Pero el nihilismo y la lucidez, tantos años ignorados, mantenidos a raya en el fondo de su alma, volvieron a aparecer. Cuándo ella le manifestó su deseo de tener un hijo, él le contestó que realmente él no quería tener hijos. Para qué, para qué más prole que alimente la maquinaria. Ella no le creyó…algo un poco definitivo como para no comunicárselo a tu pareja antes de casarte, no te parece?... No mentía cuando le dijo que no había intención, que simplemente no había salido el tema…bueno Rafa, es que eso de no salir el tema…no sé me siento un poco estafada la verdad… Pero pensó que se le pasaría, que acabaría aceptando su idea, como siempre. Con Isa todo era cuestión de argumentar, de razonar, siempre acababa comprendiendo su punto de vista. Pero los meses pasaban y ella seguía en sus trece Rafa es que yo siento la necesidad de tener un hijo de los dos…y él …que no mujer, piénsalo bien, los niños atan mucho, dan mucho curro, tenemos un piso muy pequeño…Ella no insistió más, pero se fue alejando. La angustia empezó a envilecerla. Utilizaba el sexo como mercancía. Si él se portaba bien, era cariñoso, y llevaban ya muchos días de abstinencia, transigía. Si quería castigarlo por su indeferencia, se daba la vuelta. Rencores, vacíos, palabras no dichas que se van acumulando. Cada vez compartían menos cosas y la adoración perpetua de ella fue dejando paso a una distancia cómplice pero no comprometida, desligada, desganada, como por cumplir hasta el final y punto… ¿sabes cómo me llamaban mis amigas? “Rafa Dice”, fíjate qué patético…me lo ha confesado Paula, me ha dicho hija menos mal que espabilas porque ya estábamos cansadas de tanto “Rafa dice, Rafa dice”
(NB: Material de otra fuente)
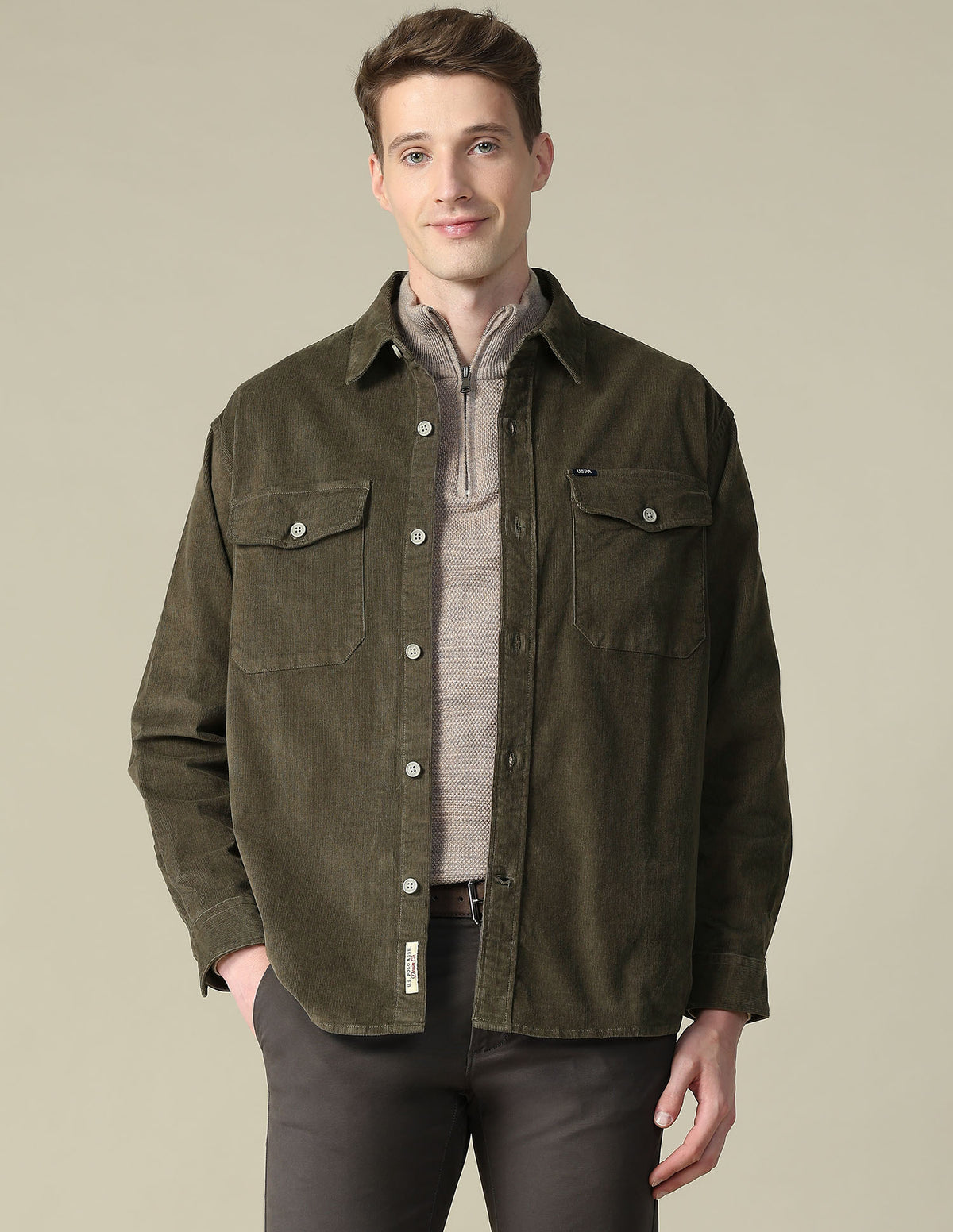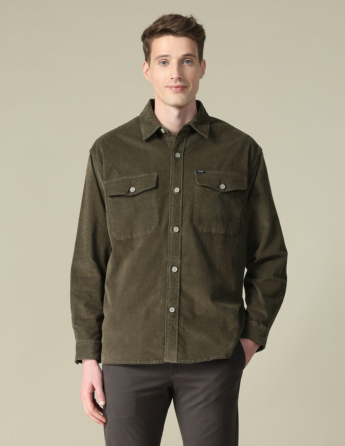 Story: This men's solid shirt features a double pocket design, offering casual practicality with a clean, refined look for everyday wear and relaxed occasions.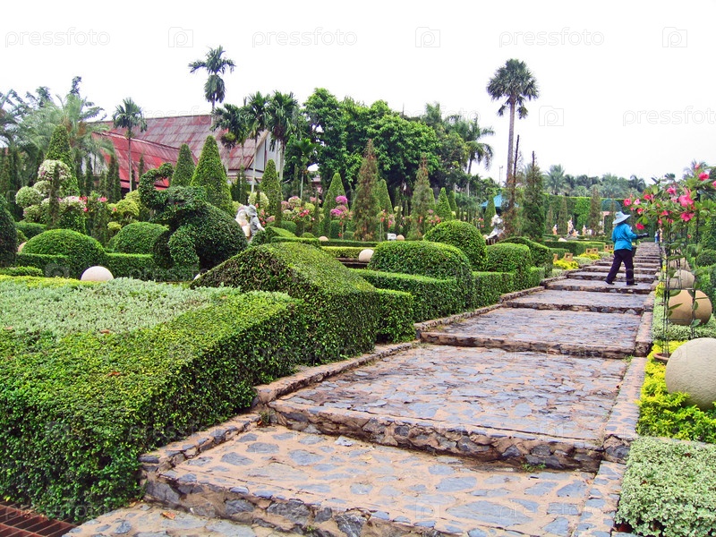 Садовник на дорожке ботанического сада, Паттайя, Таиланд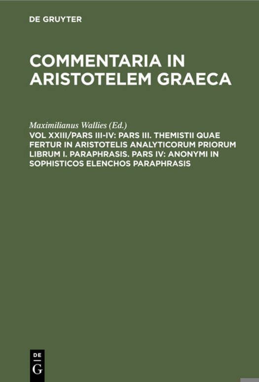 No detailed description available for "Pars III. Themistii quae fertur in Aristotelis analyticorum priorum librum I. Paraphrasis. Pars IV: Anonymi in Sophisticos elenchos Paraphrasis".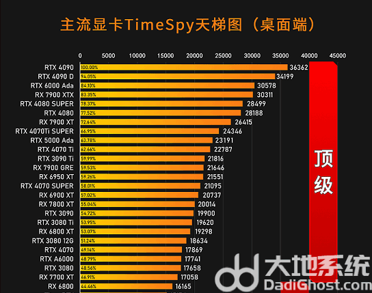 2、大多数显卡天梯图排行主要以3D MARK跑分成绩排行,跑分成绩包括渲染能力、光追性能、图形算力等。

Así que al final, el miedo a perderla le hizo ceder, conceder. Descubrió tarde que para Isa, él se había caído del pedestal de forma definitiva e irremediable, que la admiración sin fisuras y la adoración eterna, fuentes de las que él extraía la energía y los motivos para vivir cómodamente, se habían roto sin remedio. Y lo peor, que él era el culpable. Porque Rafael Martínez había sido egoísta. Muy egoísta. Se había pasado años instalado en la tibieza y los pliegues cálidos de la generosidad de su mujer, sin preguntarse jamás qué era lo que ella quería, lo que ella necesitaba. La había abandonado a su suerte y la había dejado sola muchas veces, aún estando sentado a su lado en el sofá. Los meses del embarazo fueron un espejismo, un oasis en medio de la desidia del antes y el después. Isa estaba abducida por el bebé y no pensaba en nada más. Él sí. Él pensaba que no sabía de qué manera iba a asumir su no deseada paternidad. Qué como se conjugaba otro cansancio unido al sempiterno cansancio vital, cansancio de todo, que volvía a abrumarle y aplastarle como antaño, mostrándole un futuro tan vacío y negro como el fondo de su alma.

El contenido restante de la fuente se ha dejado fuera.